Deputy Leader of the Opposition, Haryana Legislative Assembly
- In office 2 November 2019 – 12 September 2024
- Governor: Bandaru Dattatreya
- Speaker: Gian Chand Gupta
- Leader of the Opposition: Bhupinder Singh Hooda

Minister of Transport, Government of Haryana
- In office 20 October 2013 – 27 October 2014
- Additional Ministry and Departments: Tourism; Printing & Stationery;

Member of the Haryana Legislative Assembly
- Incumbent
- Assumed office 24 October 2019
- Preceded by: Zakir Hussain
- Constituency: Nuh
- In office 22 October 2009 – 15 October 2014
- Preceded by: Habib Ur Rehman
- Succeeded by: Zakir Hussain
- Constituency: Nuh

Personal details
- Born: 27 January 1966 (age 60) Faridabad, Haryana, India
- Party: Indian National Congress
- Parent: Khurshid Ahmed
- Education: B. Com, LLB
- Alma mater: Punjab University
- Occupation: Businessman, farmer and lawyer

= Aftab Ahmed (Indian politician) =

Indian politician

Chaudhary Aftab Ahmed is an Indian politician, who has served as the Deputy Leader of Opposition of the Haryana Legislative Assembly from 2019 to 2024. He has also served as the Minister of Transport, Tourism, Printing & Stationery in the Government of Haryana and as the Vice-President of the Haryana Pradesh Congress Committee. He is a member of the Haryana Legislative Assembly from the Nuh constituency since 2019.

==Early life and family==
Aftab Ahmed was born on 27 January 1966 in Dhouj village of Faridabad to Khurshid Ahmed and Firdos Begum.

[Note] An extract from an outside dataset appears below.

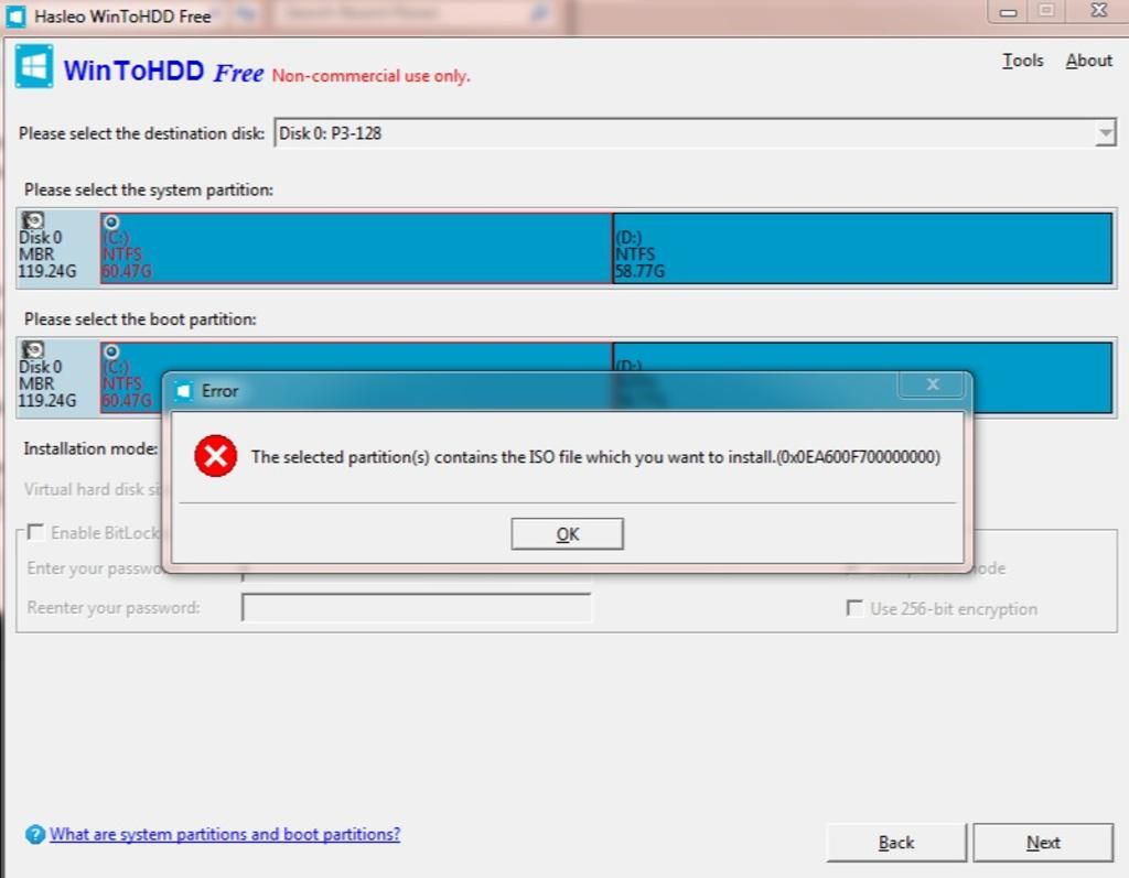 thông báo này có nghĩa là "phân vùng đã chọn có chứa tệp IOS mà bạn muốn cài đặt"

He obtained a Bachelor of Commerce degree from GGDSD College Chandigarh, Punjab University and LLB degree from MDU, Rohtak.

His father was elected as Member of the Legislative Assembly from Nuh Assembly of Punjab in 1962, Taoru Assembly of Haryana in 1968 and 1977, and again from Nuh Assembly of Haryana in 1987 and 1996. His father served as a Cabinet Minister thrice in the Government of Haryana and was later elected as Member of Parliament, Lok Sabha in a bypoll election.

His grandfather Chaudhary Kabir Ahmed was elected as Member of the Legislative Assembly from Nuh Assembly, Haryana in 1975 and from Taoru Assembly, Haryana in 1982.

==Personal life==
Ahmed married Memuna Sultan and has three children.

==Political career==
He started his political career in 1991 from Taoru and in 2013 he was inducted into the cabinet as transport minister. He has served Indian National Congress at organisational level in different capacities and also as chief whip of the Congress Legislature Party.

He served as the Deputy Leader of Opposition of Haryana from November 2019 to September 2024.

== Controversies ==

=== Involvement in instigating 1993 Mewat Riots ===
The 1993 Mewat riots in the southern region of Haryana's Gurgaon district (modern-day Nuh district) erupted following the demolition of the Babri Masjid, triggering violence between the region's Meo Muslim community and Hindus. The unrest began on 7 December 1992, after rumors spread that Hindus in Nuh were celebrating the mosque's demolition, leading to Muslim mobs attacking Hindu temples in Nuh, Punhana, and Pinangwan.

The violence, reportedly instigated by Aftab's father, Khurshid Ahmed, involved hired youth who ransacked and burned temples, and even committed atrocities like burning a cow alive. The police's delayed response escalated tensions, resulting in indiscriminate raids and alleged abuses against the Meo community, with many villagers fleeing their homes.

Tayyab Husain, and his son Zakir Hussain, who was an MLA from the neighboring Taoru constituency, were also implicated by some in the Muslim community. They were political rivals of Khurshid Ahmed and Aftab Ahmed and were accused of exploiting the situation to expand their influence among the Meos.

Politicians Aftab Ahmed and his father Khurshid Ahmed, were booked for instigating the riots and went into hiding, while former minister Tayyab Hussain and his son Zakir Hussain, an MLA from Taoru, were accused by some of exploiting the situation for political gain. Both communities were left distrustful of the police, who were widely criticized for their handling of the situation, and the region, previously peaceful, was deeply scarred by the violence.